The United States and its allies have made their first airstrike against identified ISIS strongholds in Syria, an attack the State Department said was advised to President Bashar al-Assad.

No clearance or approval to strike, however, was purposely requested from Syria.

"We warned Syria not to engage U.S. aircraft," the WSJ quoted Jen Psaki, State Department spokeswoman. "We did not request the regime's permission. We did not coordinate our actions with the Syrian government." She added Syria was not given any specifics, including timing or targets, on the attacks.

During the actual strike, Army Lt. Gen. William C. Mayville Jr., the Pentagon's director for operations, believed Mr Assad and his government received their communication because the Syrian military's radar was "passive" during the strikes. There was no attempt to counter them, he said.

Abo Jilan, an activist in Syria, told WSJ the north-central city of Raqqah received 18 airstrikes, where seven directly struck the ISIS' main headquarters. It was "hugely damaged," Jilan said.

Despite the early wins, fighters of the main rebel Free Syrian Army are anxious the airstrikes will trigger off a vacuum on the ground that Assad's forces will only be most glad to overtake.

The airstrikes, instead of toppling Assad, could further catapult him into power, they said.

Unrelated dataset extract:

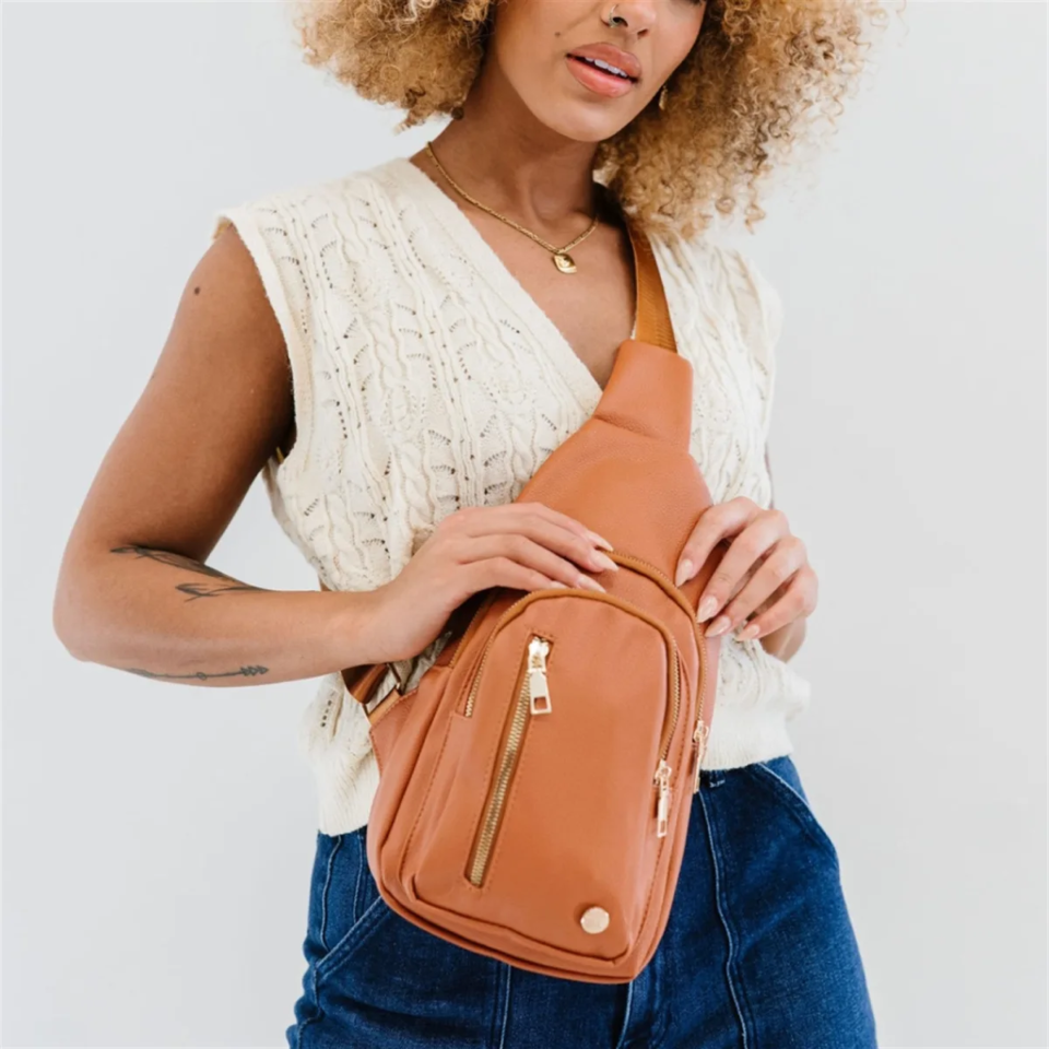 The Camry Sling Crossbody keeps your must-haves easily accessible and totally organized! It comes in four great neutral colors made from silky-soft vegan leather, complete with gold hardware.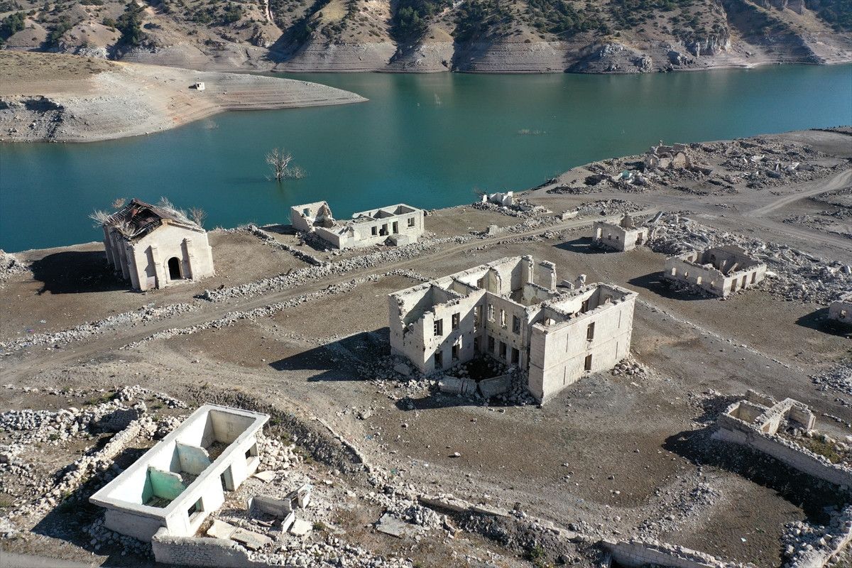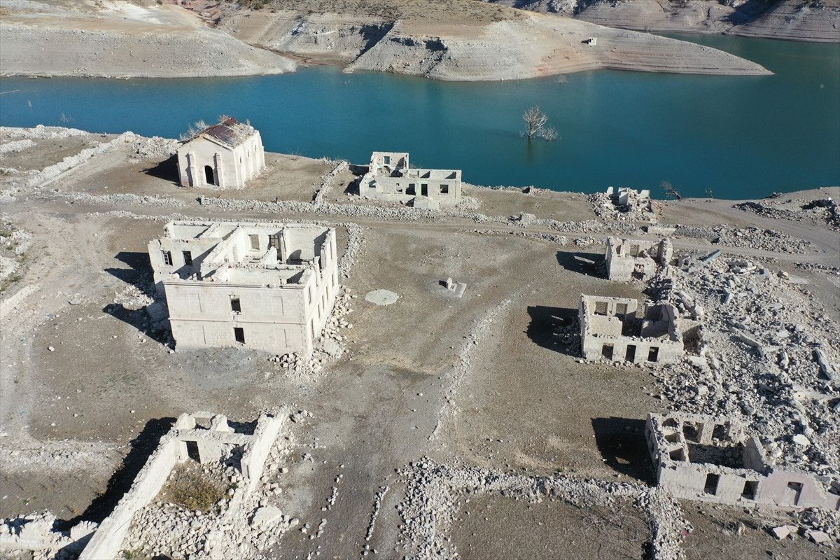 Baraj kapaklarının kısmen açılmasıyla su seviyesi düşünce köydeki evler, cami, kilise ve bazı tarihi binalar gün yüzüne çıktı.

"There is a fear that the regime will exploit a military vacuum in areas of Islamic State control to realize military advances," Reuters quoted an unidentified commander in western Syria. "This will make the alliance appear to the people as the savior of the Assad regime."

In effect, the U.S. has given him more military and political support to keep his regime alive, FSA fighters said.

Colonel Hassan Hamadi, from the northern rebel forces known as the FSA Fifth Legion, warned the U.S.-led coalition to avoid civilian areas so as not to incur casualties. He also said that areas vacated by the ISIS should be immediately secured by FSA rebels.

"The regime plans to exploit the current situation, by taking the opportunity to massacre civilians and blame their deaths on coalition air strikes," a statement from Hamadi said.